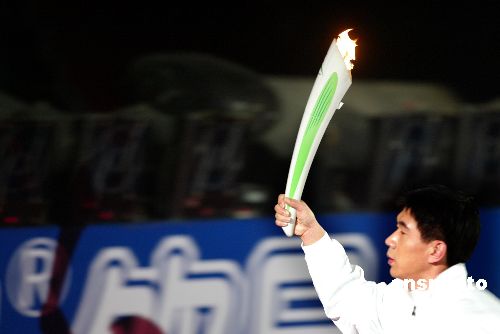 2007年1月28日晚8时,第六届亚洲冬季运动会开幕式在在吉林长春五环体育馆隆重举行。李佳军、张付、张艳梅、袁野、牛丽杰和徐囡囡等六名长春籍运动员共同点燃了火炬。中新社发 杜洋 摄
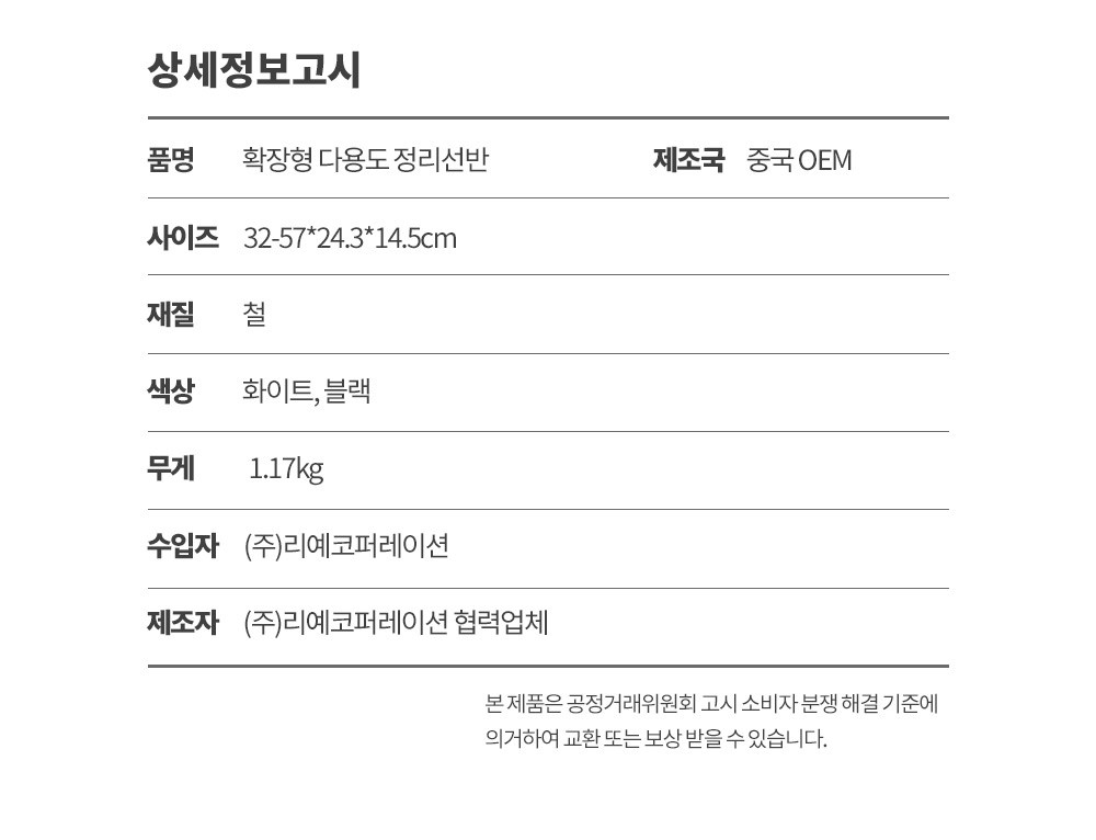 | 품명 및 모델명 | 확장형 다용도 정리 선반 | 재질 | 철 |
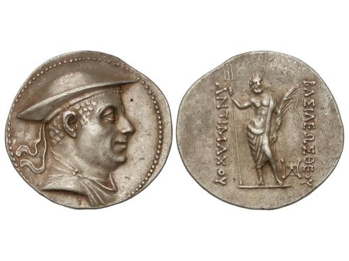 MONEDAS GRIEGAS. Tetradracma. 180-170 a.C. ANTIMACO I. BACTRIA. Anv.: Busto diademado, drapeado y coracero a la derecha, portando kausia. Rev.: ΒΑΣΙΛΕΩΣ ΘΕΟΥ ANTIMAXOY. Poseidón de pie, de frente, con el tridente en la mano derecha y la palma con cintas en la izquierda; en el campo interior derecho, monograma. 16,92 grs. Muy bella. RARA ASÍ. Bopearachchi-248; HGC 12-106; SNG ANS 9-274/277. EBC.
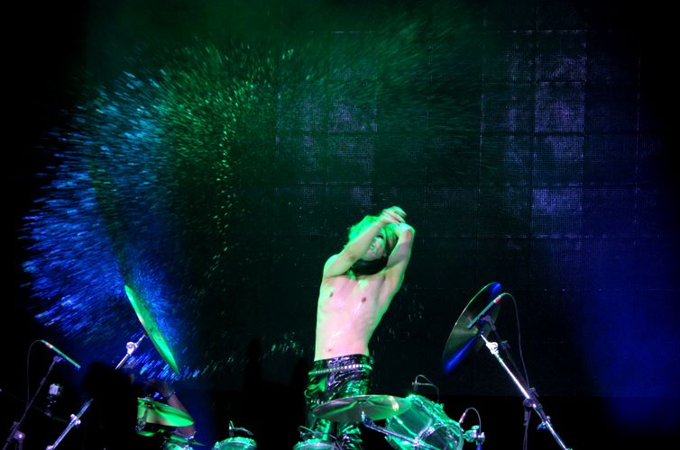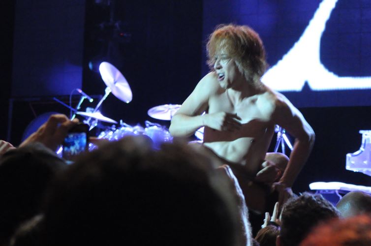 - Tradicional nos shows do X Japan, Yoshiki arremessa água no público
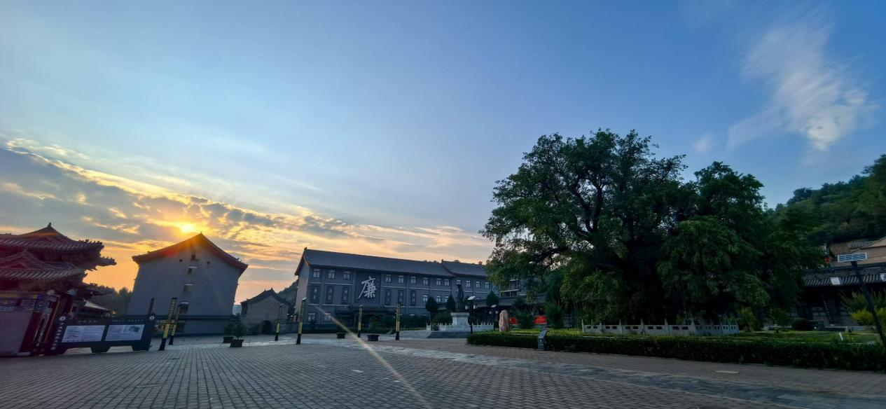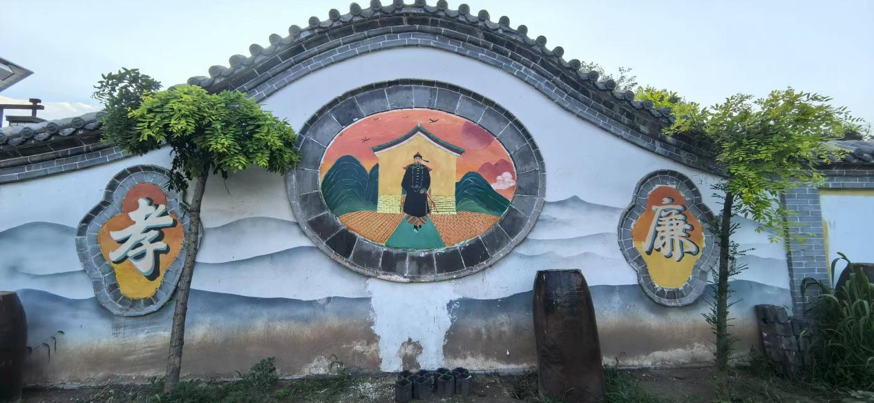 走到院墙背后,与正面形成呼应,画中于成龙坚定走来,两侧 “孝” 和 “廉” 二字赫然在目。
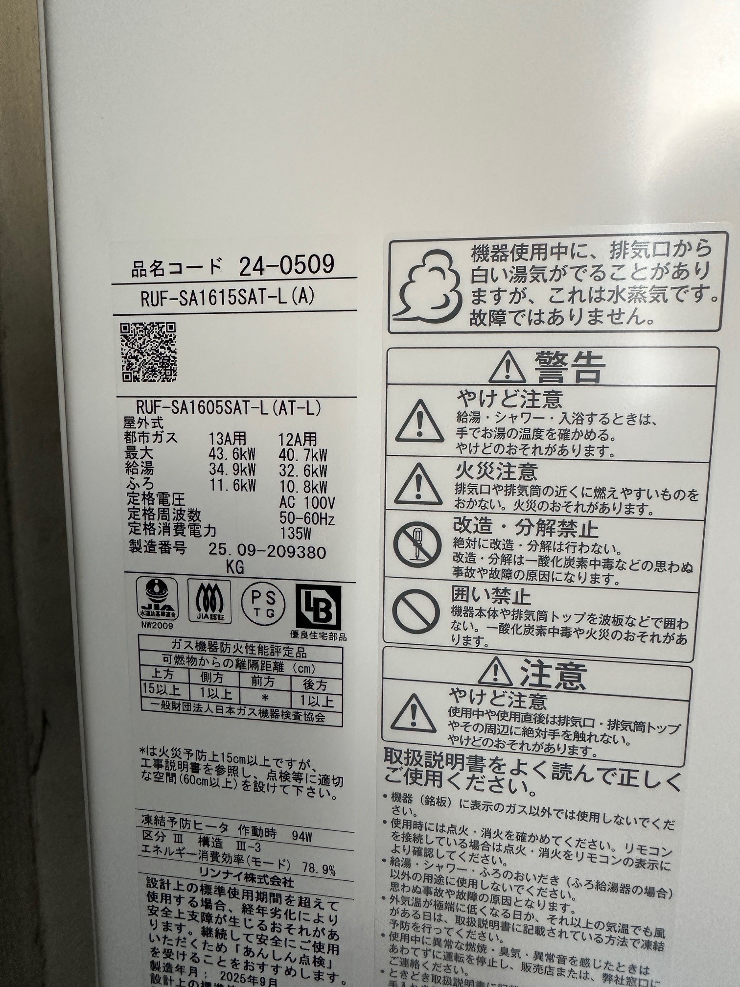 メーカー/型式 Rinnai/RUF-SA1615SAT-L
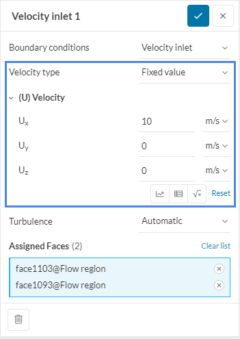 The Fixed value type prescribes the velocity magnitude and direction on the selected surface(s). It is fixed by defining each velocity component in the x, y, and z directions. Here is an example of how to assign a velocity entering an inlet at 10 \(\frac{m}{s}\) in the x-direction:
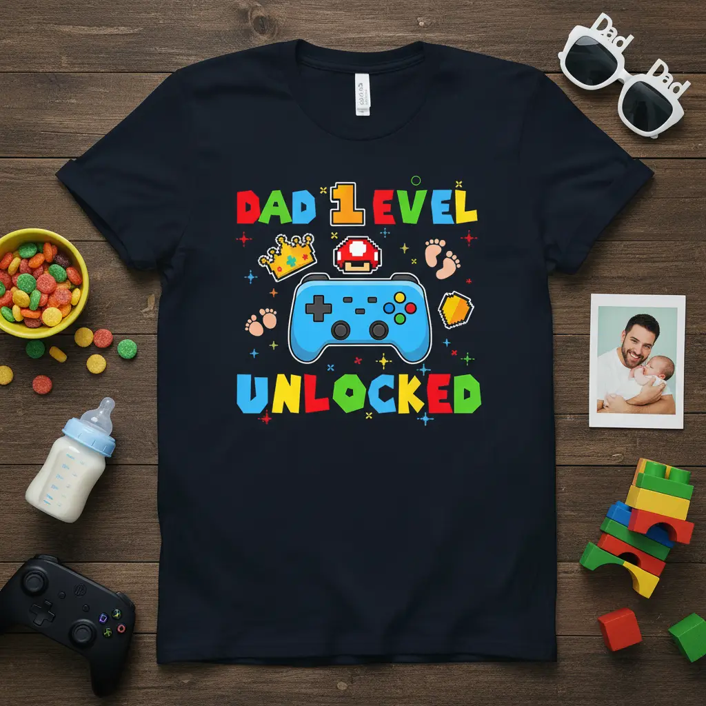 Dad 1 Level Unlocked: The Ultimate Gamer Dad Tee

========================

→ Required work: Keep the pictures out of your copy, and repeat every entry above exactly.

→ Response area:
 2007年1月28日晚8时,第六届亚洲冬季运动会开幕式在在吉林长春五环体育馆隆重举行。李佳军、张付、张艳梅、袁野、牛丽杰和徐囡囡等六名长春籍运动员共同点燃了火炬。中新社发 杜洋 摄
 | 품명 및 모델명 | 확장형 다용도 정리 선반 | 재질 | 철 |
 MONEDAS GRIEGAS. Tetradracma. 180-170 a.C. ANTIMACO I. BACTRIA. Anv.: Busto diademado, drapeado y coracero a la derecha, portando kausia. Rev.: ΒΑΣΙΛΕΩΣ ΘΕΟΥ ANTIMAXOY. Poseidón de pie, de frente, con el tridente en la mano derecha y la palma con cintas en la izquierda; en el campo interior derecho, monograma. 16,92 grs. Muy bella. RARA ASÍ. Bopearachchi-248; HGC 12-106; SNG ANS 9-274/277. EBC.
 - Tradicional nos shows do X Japan, Yoshiki arremessa água no público
 走到院墙背后,与正面形成呼应,画中于成龙坚定走来,两侧 “孝” 和 “廉” 二字赫然在目。
 メーカー/型式 Rinnai/RUF-SA1615SAT-L
 The Fixed value type prescribes the velocity magnitude and direction on the selected surface(s). It is fixed by defining each velocity component in the x, y, and z directions. Here is an example of how to assign a velocity entering an inlet at 10 \(\frac{m}{s}\) in the x-direction:
 Dad 1 Level Unlocked: The Ultimate Gamer Dad Tee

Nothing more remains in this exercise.